Stored items from a collection ▸
= Beginning of Section =

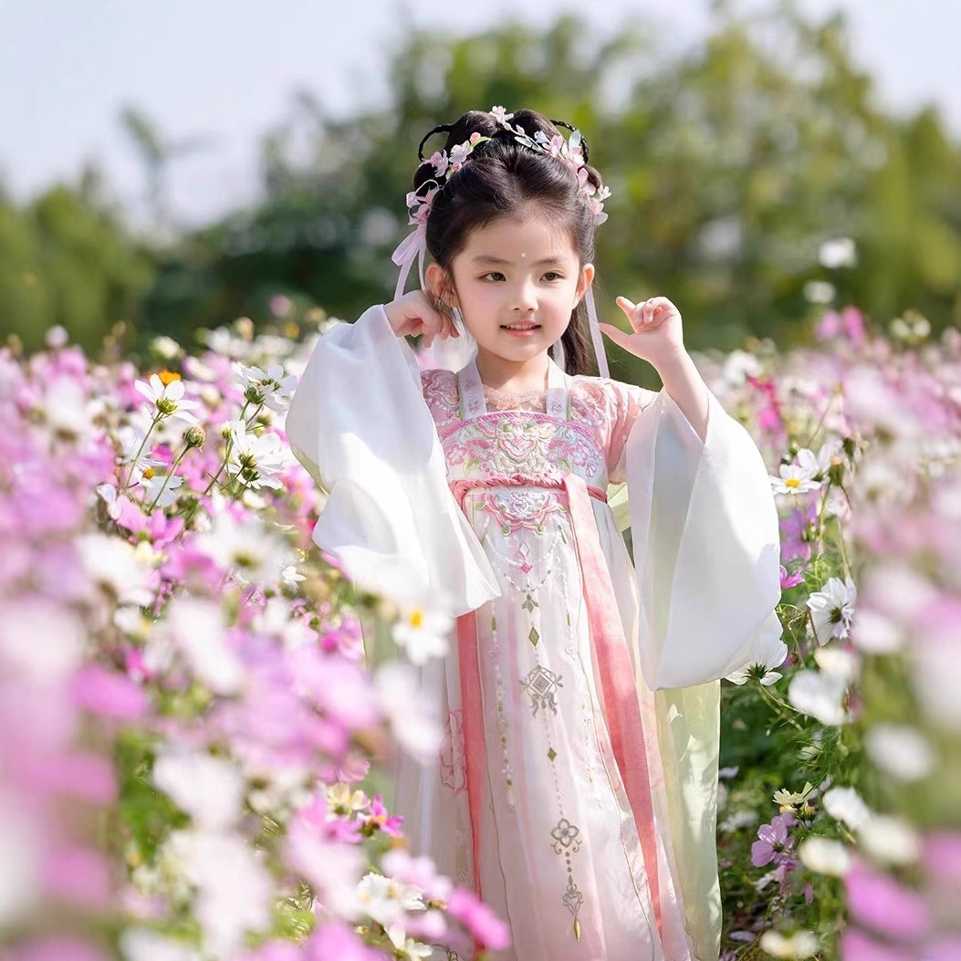 2025 新しい女の子韓服子供のスーパー妖精古代衣装唐装古代スタイルの花の女神ドレス女の子スーツ夏スタイル
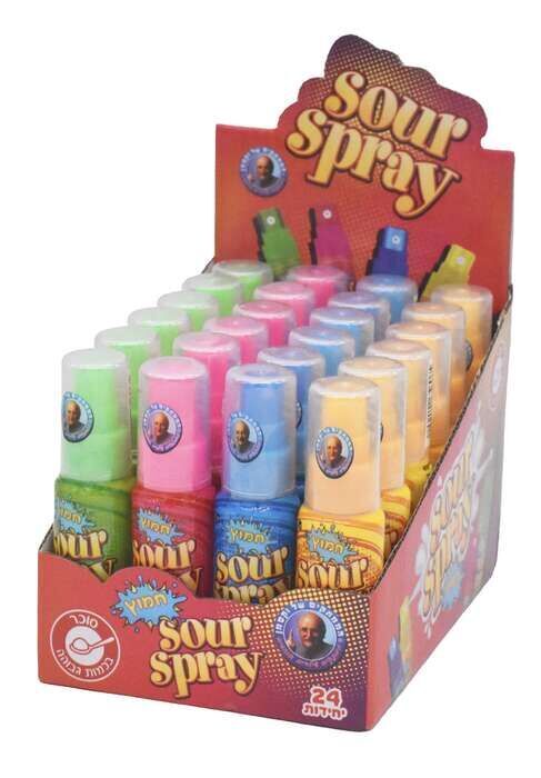ספריי חמוץ בטעמים 24 יחידות בקופסא, מחיר ליחידה כ- 2.5 ש"ח.
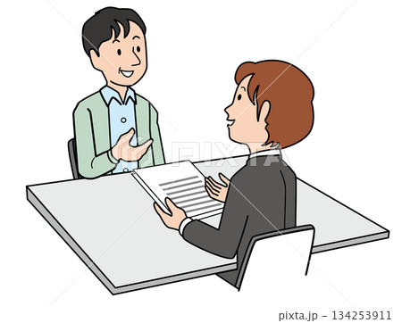接客を担当するビジネスマンと相談する客の男性との打ち合わせ|ビジネスシーン
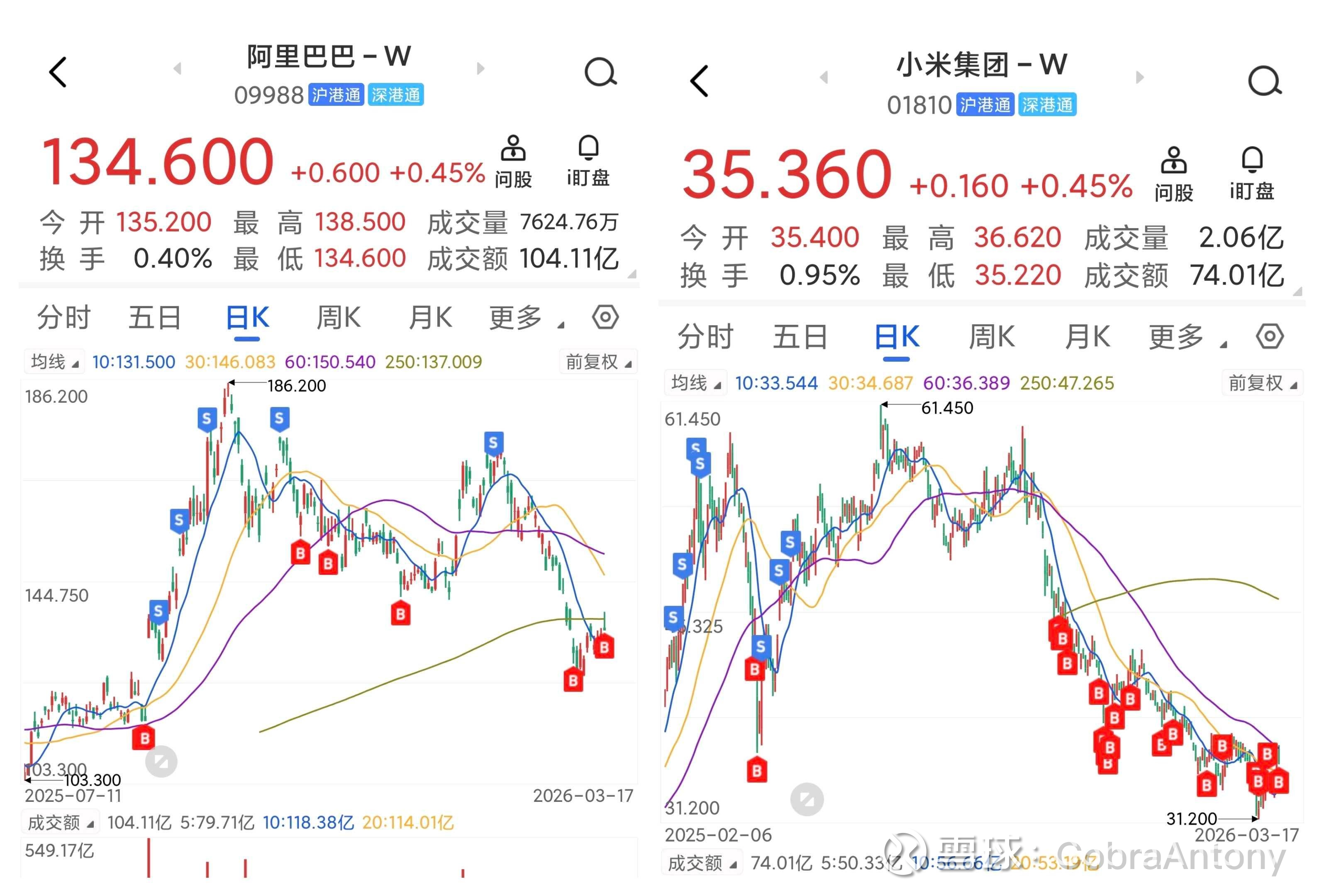 阿里巴巴这次135.6买回的是之前146卖出的,目前阿里巴巴的仓位回到了最高峰值的80%,小米已经回到了最高的仓位,并超出了一些。
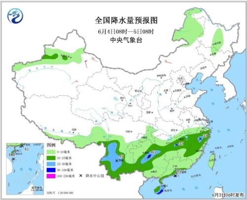 全國降水量預報圖(6月3日08時-4日08時)
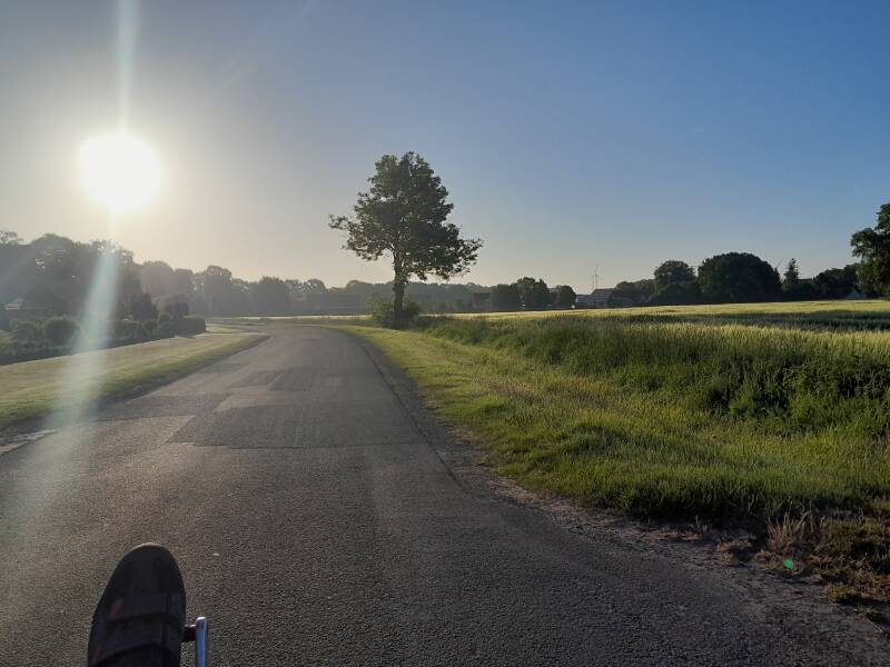 De zon komt net boven. Ik geniet volop. Het gebeurt dagelijks, maar het blijft het mooist om mee te maken als je naar het oosten fietst. Na Halverde volg ik witte wegen. Lekker rustig zonder auto’s. Ik rij de eerste grote stad binnen. Bramsche. Ik had ingeschat om hier 8 uur ongeveer ongeveer te zijn, maar stond al een uur eerder voor het spoor te wachten. Naast me staan een paar jongens enthousiast praten over hun weekendplannen.

= End of Section =

Activity ▸
Give back exactly the lines running from the one that contains "接客を担当するビジネスマンと相談する客の男性との打ち合わせ|ビジネスシーン" to the end of the records, including both of those lines and excluding every picture.

Problem solution ▸
接客を担当するビジネスマンと相談する客の男性との打ち合わせ|ビジネスシーン
 阿里巴巴这次135.6买回的是之前146卖出的,目前阿里巴巴的仓位回到了最高峰值的80%,小米已经回到了最高的仓位,并超出了一些。
 全國降水量預報圖(6月3日08時-4日08時)
 De zon komt net boven. Ik geniet volop. Het gebeurt dagelijks, maar het blijft het mooist om mee te maken als je naar het oosten fietst. Na Halverde volg ik witte wegen. Lekker rustig zonder auto’s. Ik rij de eerste grote stad binnen. Bramsche. Ik had ingeschat om hier 8 uur ongeveer ongeveer te zijn, maar stond al een uur eerder voor het spoor te wachten. Naast me staan een paar jongens enthousiast praten over hun weekendplannen.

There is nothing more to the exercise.